Josefa, 21 anos, a viver com a mãe. Estudante de Engenharia Biomédica, trabalhadora de supermercado em part-time e bombeira voluntária. Acumulava trabalhos e não cargos - e essa pode ser uma primeira explicação para a não conhecermos.
Afinal, um jovem daqueles que frequentamos nas revistas de consultório, arranja forma de chamar os holofotes. Se é futebolista, pinta o cabelo de cores impossíveis; se é cantora, mostra o futebolista com quem namora; e se quer ser mesmo importante, é mandatário de juventude.
Não entra é na cabeça de uma jovem dispersar-se em ninharias acumuladas: um curso no Porto, caixeirinha em Santa Maria da Feira e bombeira de Verão. Daí não a conhecermos, à Josefa. Chegava-lhe, talvez, que um colega mais experiente dissesse dela: "Ela era das poucas pessoas com que um gajo sabia que podia contar nas piores alturas." Enfim, 15 minutos de fama só se ocorresse um azar...

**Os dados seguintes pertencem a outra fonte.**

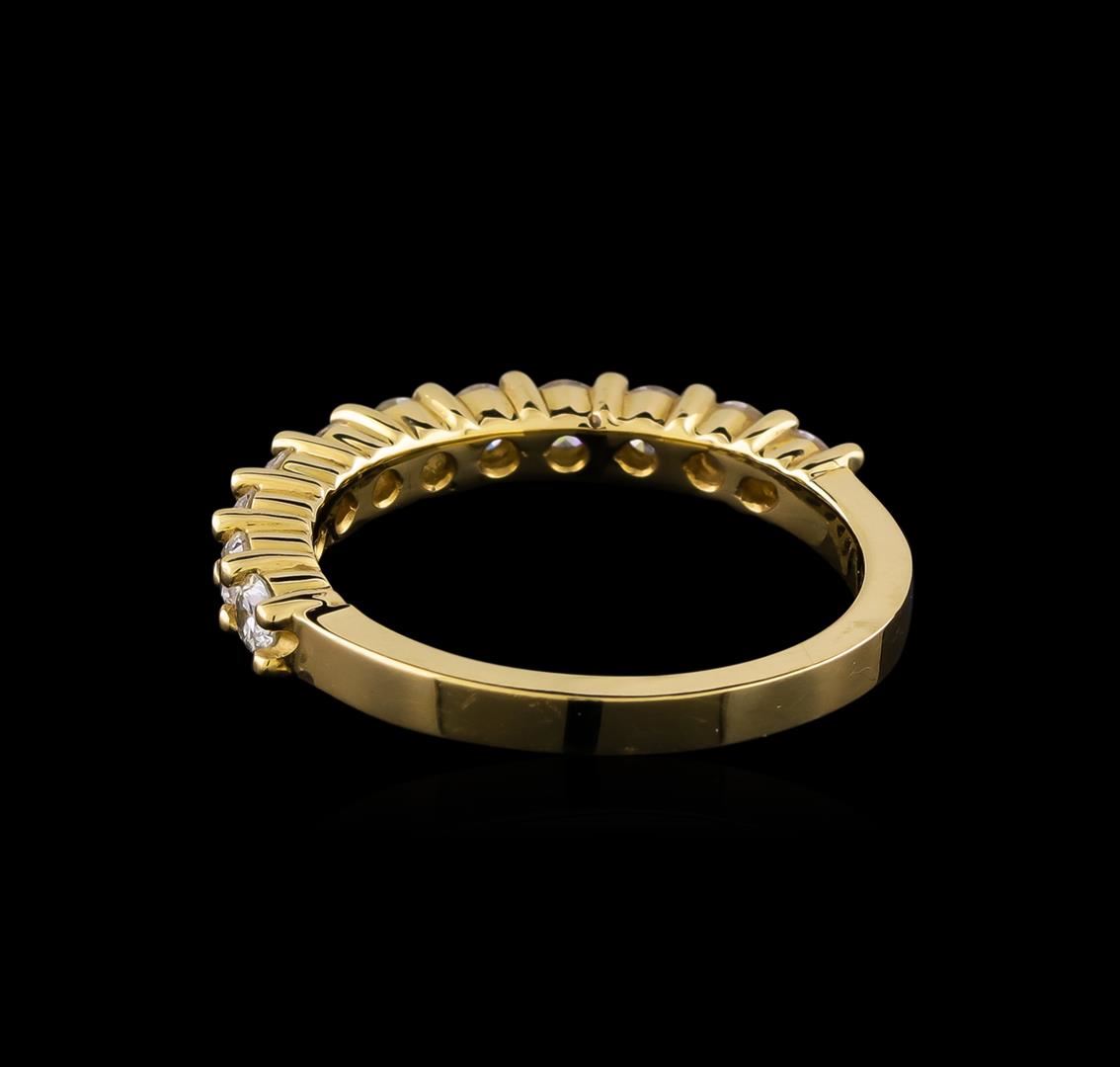One electronically tested 14KT yellow gold lady's cast wedding ring with a straight line with a bright polish finish. The featured lady's ring has a shank measuring 2.14 millimeters in width. Identified with markings of '14K'. Condition is new, good workmanship. Containing: Eleven prong set round brilliant cut diamonds, measuring 2.70 - 2.65 x 1.66mm (depth est.) approximate total weight of 11 Stones = 0.80ct. Graded in the setting. Clarity VS-1 to VS-2. Color: H - I Cut Very Good. Total Weight of Diamonds 0.80ct.. Total Weight of Ring 3.50gm. GAS Appraised at $2,960.00.
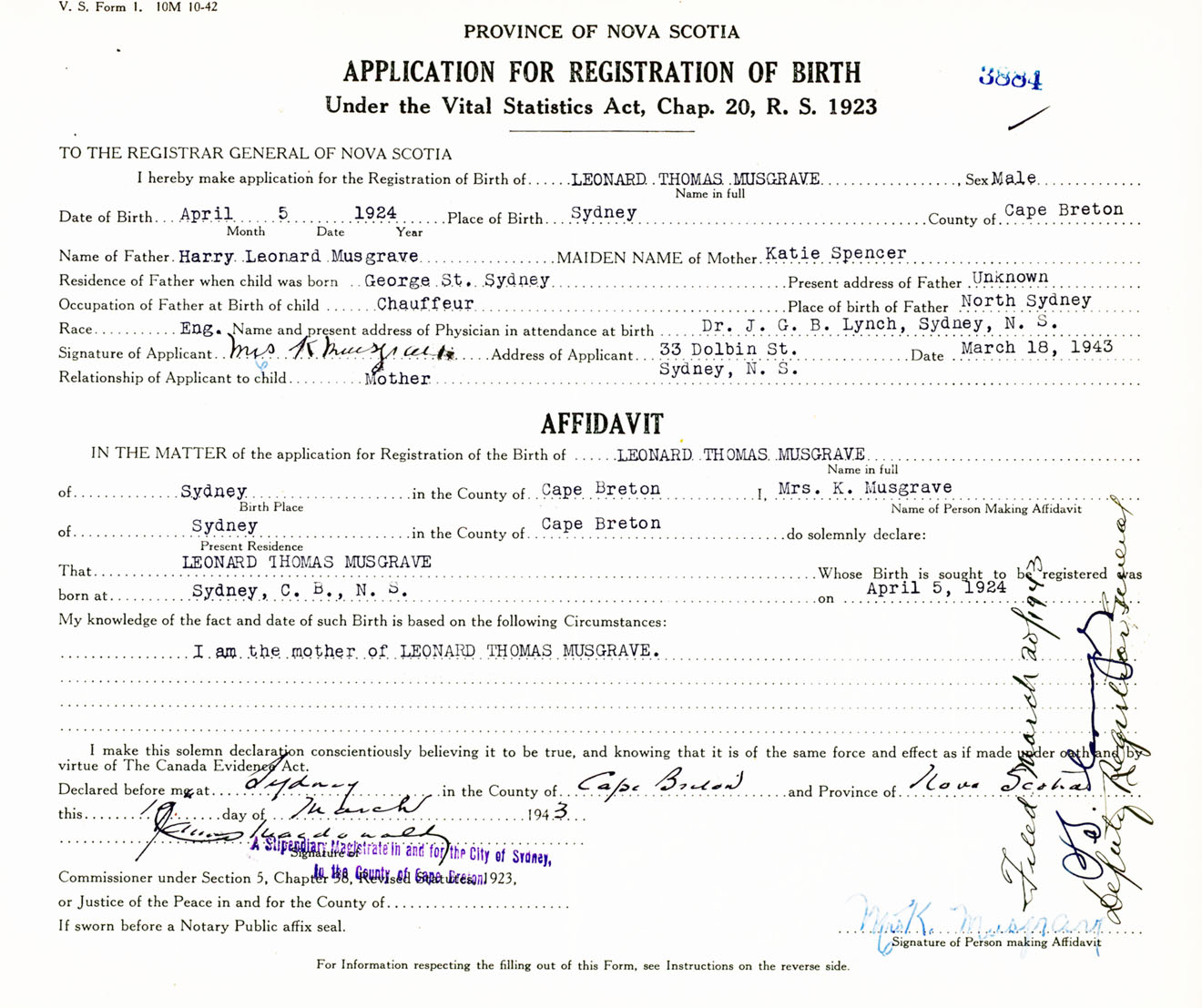 Signature of Applicant Mrs. K. Musgrave Address of Applicant 33 Dolbin Street, Sydney, Cape Breton Co., NS Date 18 March 1943
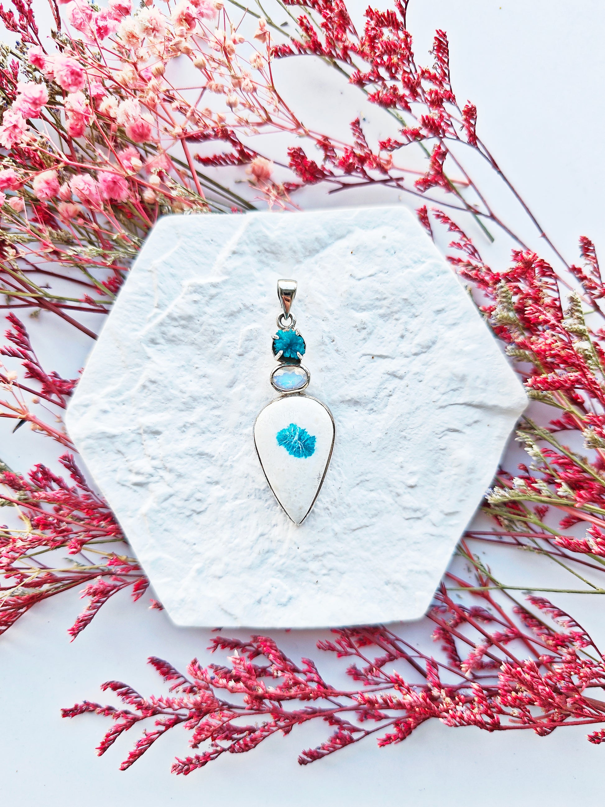 Dieses Unikat wurde mit viel Sorgfalt und Liebe ausgesucht und verweilt wartend auf seinen neuen Besitzer. Dieser Anhänger ist aus einem Cavasinit und Mondstein gefertigt.  Die Fassung ist aus 925 Silber.
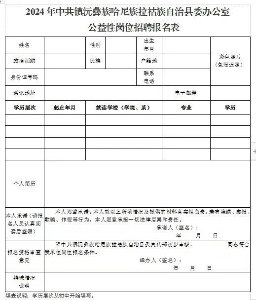 附件:2024年中共鎮(zhèn)沅縣委辦公室公益性崗位招聘報名表
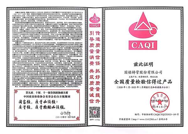 公司堅持以質(zhì)量為生命,以滿足用戶需求作為自己的追求,依靠雄厚的技術(shù)力量和先進(jìn)的生產(chǎn)、檢測設(shè)備,對生鐵、球墨鑄鐵管產(chǎn)品進(jìn)行全過程控制,產(chǎn)品質(zhì)量得到全面的保證
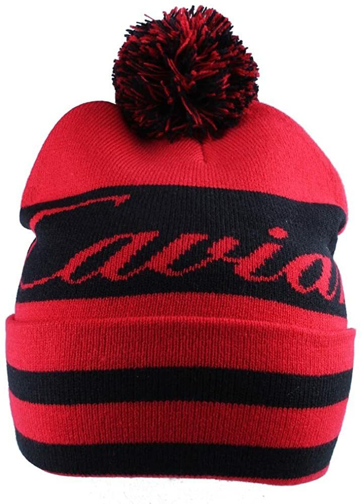 Bernio confuso con pom alla corona. Jacquard a strisce con design del logo dello script. Adattamento personalizzato. 100% a maglia acrilica. Importato.

Aconteceu: Josefa morreu em Monte Mêda, Gondomar, cercada das chamas dos outros que foi apagar de graça.
A morte de uma jovem é sempre uma coisa tão enorme para os seus que, evidentemente, nem trato aqui.
Interessa-me, na Josefa, relevar o que ela nos disse: que há miúdos de 21 anos que são estudantes e trabalhadores e bombeiros, sem nós sabermos.
Como é possível, nos dias comuns e não de tragédia, não ouvirmos falar das Josefas que são o sal da nossa terra?